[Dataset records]
- - - - - - -

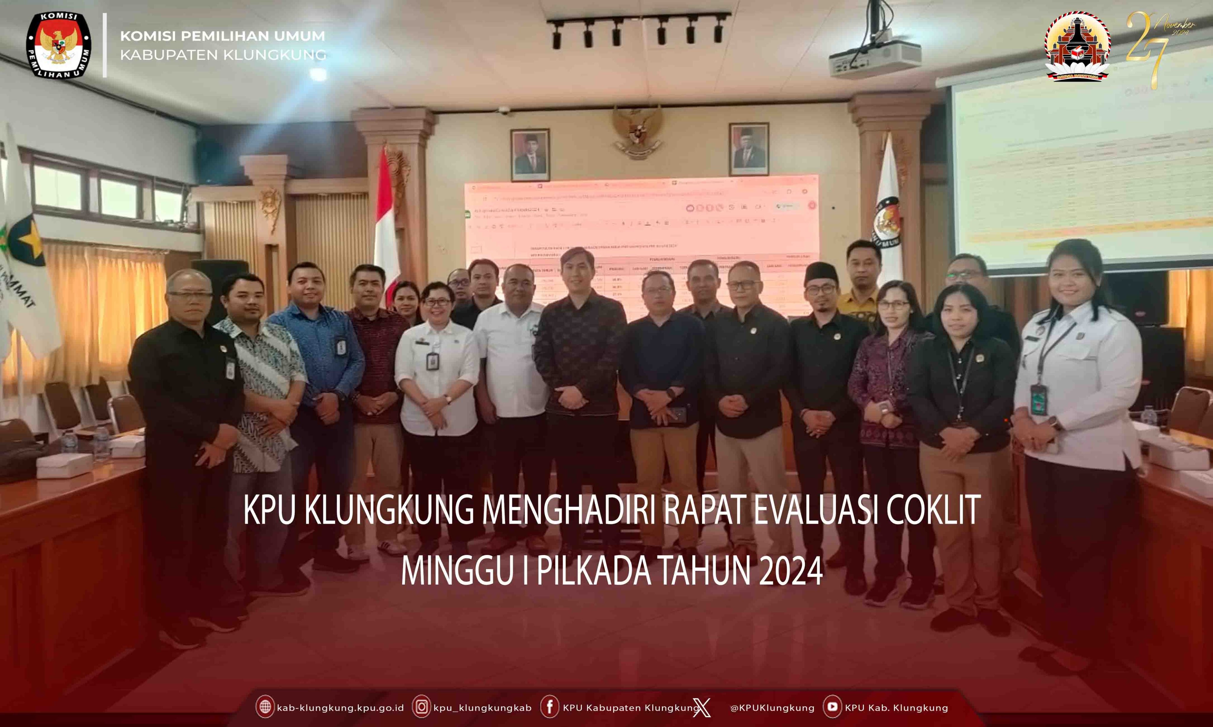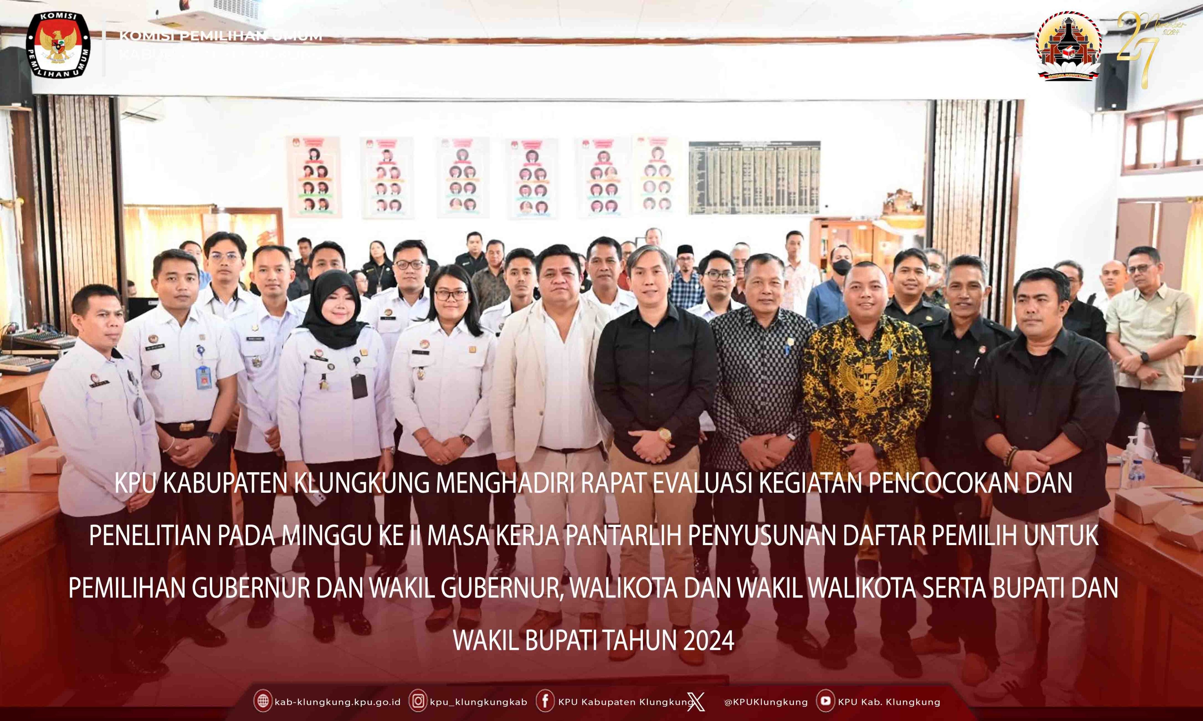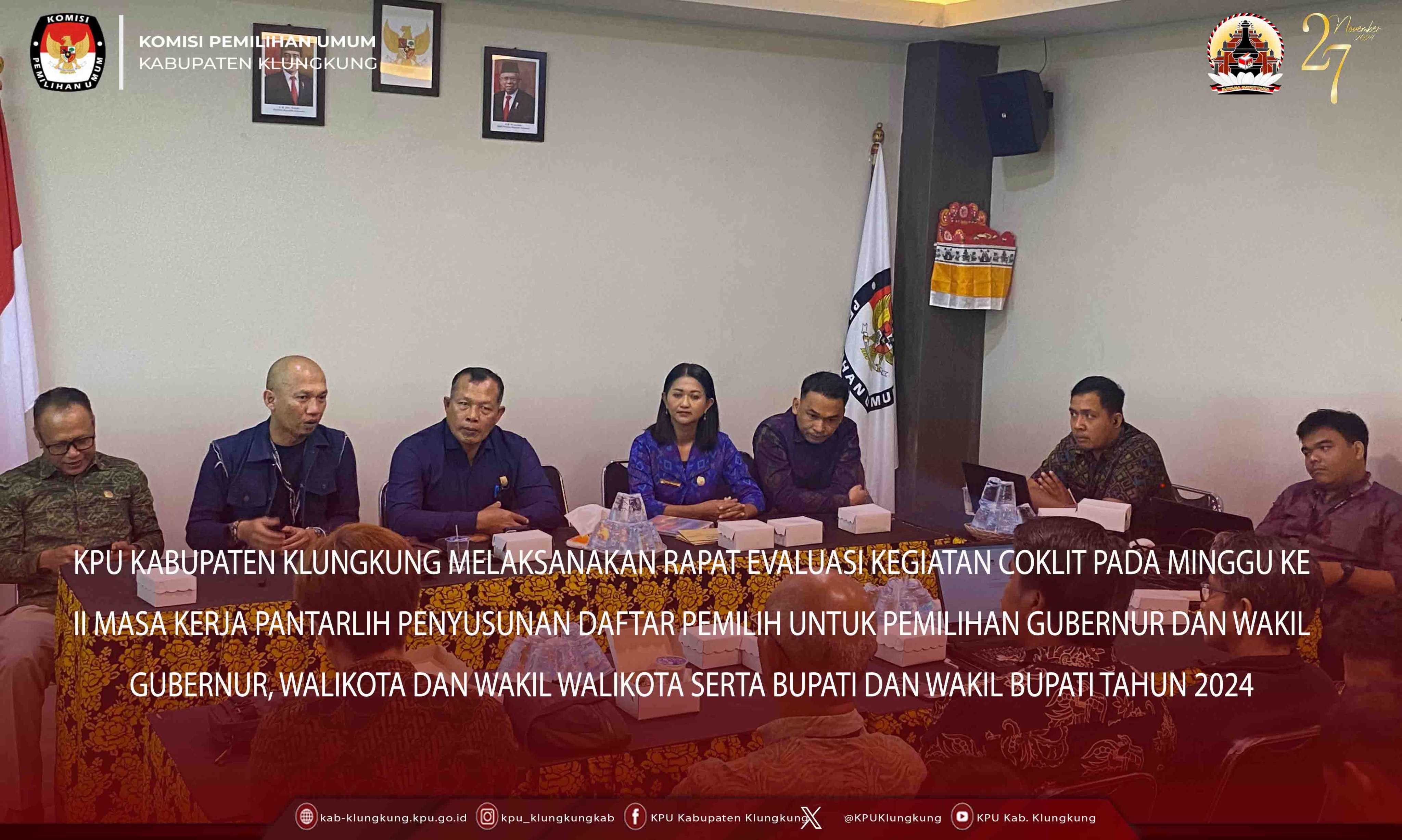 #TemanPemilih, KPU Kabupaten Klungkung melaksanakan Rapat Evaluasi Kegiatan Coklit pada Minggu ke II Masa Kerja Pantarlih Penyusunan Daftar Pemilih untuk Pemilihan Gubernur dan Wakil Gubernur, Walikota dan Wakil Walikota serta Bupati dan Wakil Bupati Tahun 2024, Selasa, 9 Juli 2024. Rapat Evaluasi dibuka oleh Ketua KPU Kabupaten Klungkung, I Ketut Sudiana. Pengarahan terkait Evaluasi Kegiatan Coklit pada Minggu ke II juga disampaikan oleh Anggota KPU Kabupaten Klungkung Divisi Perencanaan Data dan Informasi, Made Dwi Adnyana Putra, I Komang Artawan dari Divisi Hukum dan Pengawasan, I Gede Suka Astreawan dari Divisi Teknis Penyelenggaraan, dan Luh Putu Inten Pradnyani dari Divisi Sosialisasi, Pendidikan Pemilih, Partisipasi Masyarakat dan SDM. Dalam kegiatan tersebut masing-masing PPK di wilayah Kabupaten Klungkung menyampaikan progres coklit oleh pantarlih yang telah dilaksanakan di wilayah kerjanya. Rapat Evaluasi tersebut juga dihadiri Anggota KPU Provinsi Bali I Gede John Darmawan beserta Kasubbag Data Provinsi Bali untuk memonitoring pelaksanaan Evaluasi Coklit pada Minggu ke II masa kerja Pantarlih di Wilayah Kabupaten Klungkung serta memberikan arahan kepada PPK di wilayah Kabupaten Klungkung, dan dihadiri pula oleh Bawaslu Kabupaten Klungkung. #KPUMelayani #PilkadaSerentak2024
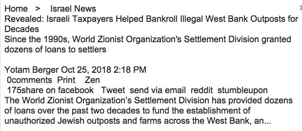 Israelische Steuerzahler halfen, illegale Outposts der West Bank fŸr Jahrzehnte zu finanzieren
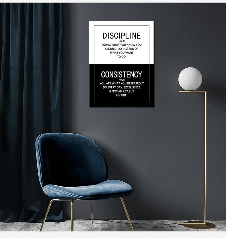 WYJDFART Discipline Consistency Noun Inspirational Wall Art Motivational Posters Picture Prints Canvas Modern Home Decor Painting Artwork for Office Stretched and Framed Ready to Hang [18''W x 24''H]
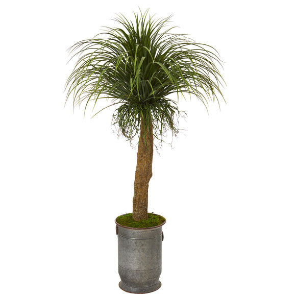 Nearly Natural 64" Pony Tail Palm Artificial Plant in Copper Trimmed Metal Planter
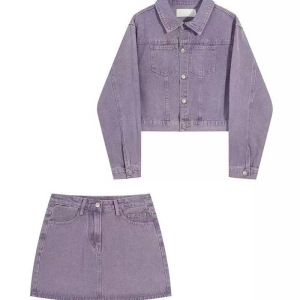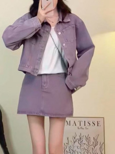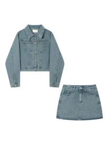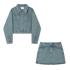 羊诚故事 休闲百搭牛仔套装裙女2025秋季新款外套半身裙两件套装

- - - - - - -

Above are some records; quote exactly and only the lines that begin at the line containing "Israelische Steuerzahler halfen, illegale" and stop after the line containing "Trimmed Metal Planter", leaving out the pictures.

[RESPONSE]
 Israelische Steuerzahler halfen, illegale Outposts der West Bank fŸr Jahrzehnte zu finanzieren
 WYJDFART Discipline Consistency Noun Inspirational Wall Art Motivational Posters Picture Prints Canvas Modern Home Decor Painting Artwork for Office Stretched and Framed Ready to Hang [18''W x 24''H]
 Nearly Natural 64" Pony Tail Palm Artificial Plant in Copper Trimmed Metal Planter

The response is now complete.